I'll look into it. I was unaware until this comment that such testing existed. My 23andMe results show I don't have the markers so celiac disease, and SNPedia findings don't show anything likely to be related to gluten. I'll see if it's possible to find testing that might indicate non-allergic food sensitivities that isn't also bogus.
My several cents :
It's not just about celiac disease. There are several other disorders that seem to be worsened by gluten, the first one that comes to my mind is endometriosis.
The way I see it, it seems that some people are susceptible to pro inflammatory effects of gluten, whereas most are not. So if you already have an inflammatory disorder or autoimmune condition AND have this inflammatory sensitivity then gluten will worsen it.
I don't know if this susceptibility to gluten's inflammatory effect is genetic, or genetically identified / identifiable. Whereas you can indeed identify celiac related antibodies using various tests.
This fits my model that gluten somehow contributes to autoimmune/inflammation "load" and that because I'm now dealing with chronically worse asthma, even with treatment it may not be getting me down to a low enough level to consume as much gluten (or something else!) as I could in the past without issue.

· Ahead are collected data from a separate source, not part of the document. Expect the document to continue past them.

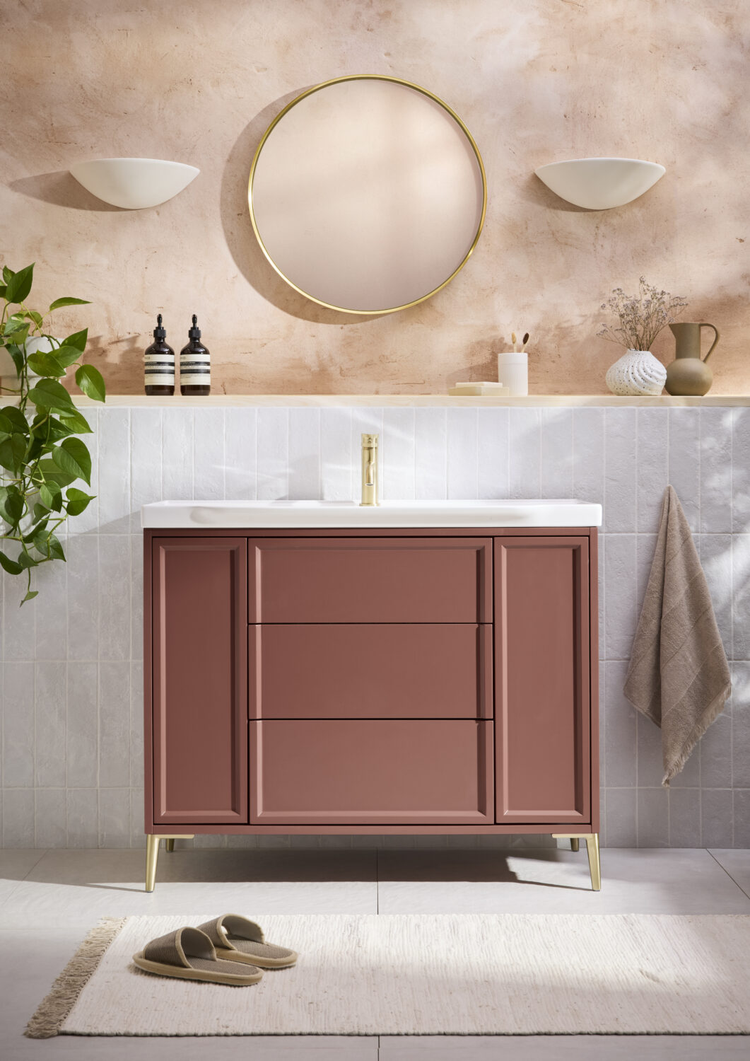 Bota features a sleek push-to-open mechanism with soft-close functionality, delivering effortless, handle-free elegance. The slender, sculptural leg set comes in four of our signature finishes, allowing you to personalise your piece with timeless elegance. Complete the look with a premium-quality basin, available in three perfectly proportioned sizes for a flawless finishing touch.
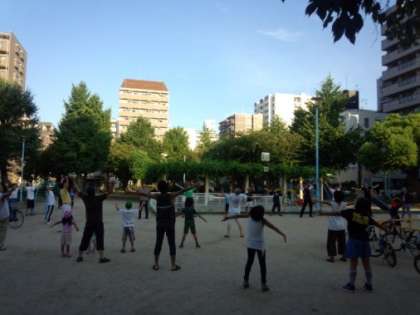 ラジオ体操には全校児童の4分の1の子どもたちが参加しています
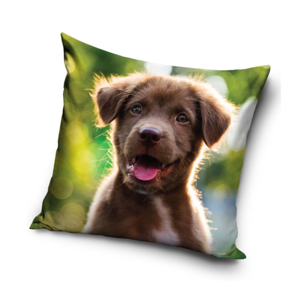 Dekoračná obliečka na vankúš Šteniatko Nezbedník , mározmer 40x40 cm Obliečka na vankúš je vyrobená zo100 % polyesteru s praktickým zapínaním na zips Na obliečke je malý hnedý psík,
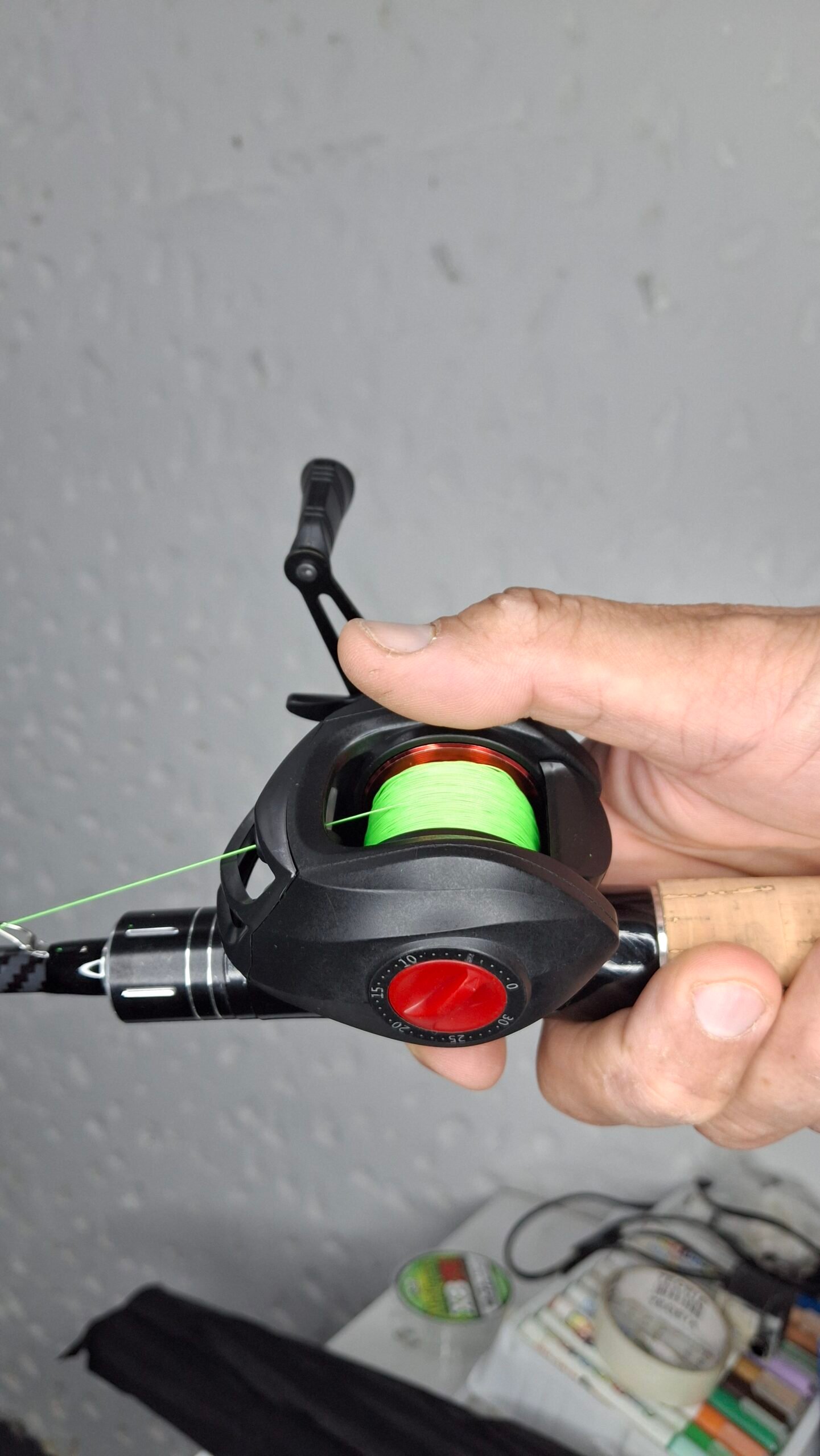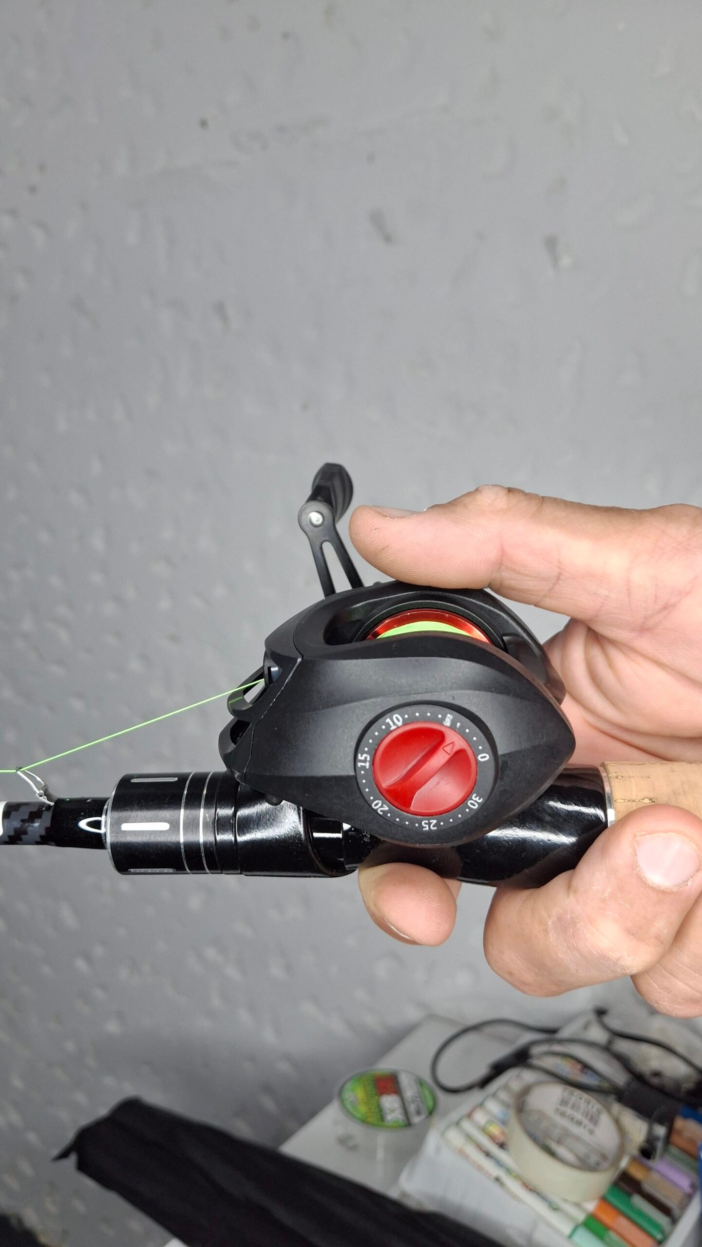 Se usa con caña baitcasting de gatillo y líneas de 10 a 20 lb (nylon o multifilamento). Tiene buena capacidad y drag potente para peces medianos.

I've been having some weird health issues somehow triggered after eating. I've been working with a nutritionist. They recommend, among other things, trying to eliminate gluten some of the time on the idea that gluten puts stress on the digestive system and can expose other issues that the body would normally handle. This is something like a load-bearing model: the body bears the load of bad stuff coming in without issue up until it is overloaded and then you start to get weird symptoms as various systems strain to keep up with the load of bad stuff. The proposal is that gluten is one such bad stuff.
It's hard to find anything useful on Google that might give me a good model of how gluten sensitivity would work or why gluten might matter in such a load-bearing model (or, stepping back, that such a load-bearing model is even reasonable).
On LW I only found this old post, which is useful but not enough detail.
So, does anyone have a gears-level model of gluten sensitivity? Links or explanations would be helpful as I try to evaluate what interventions might and might not be worth trying.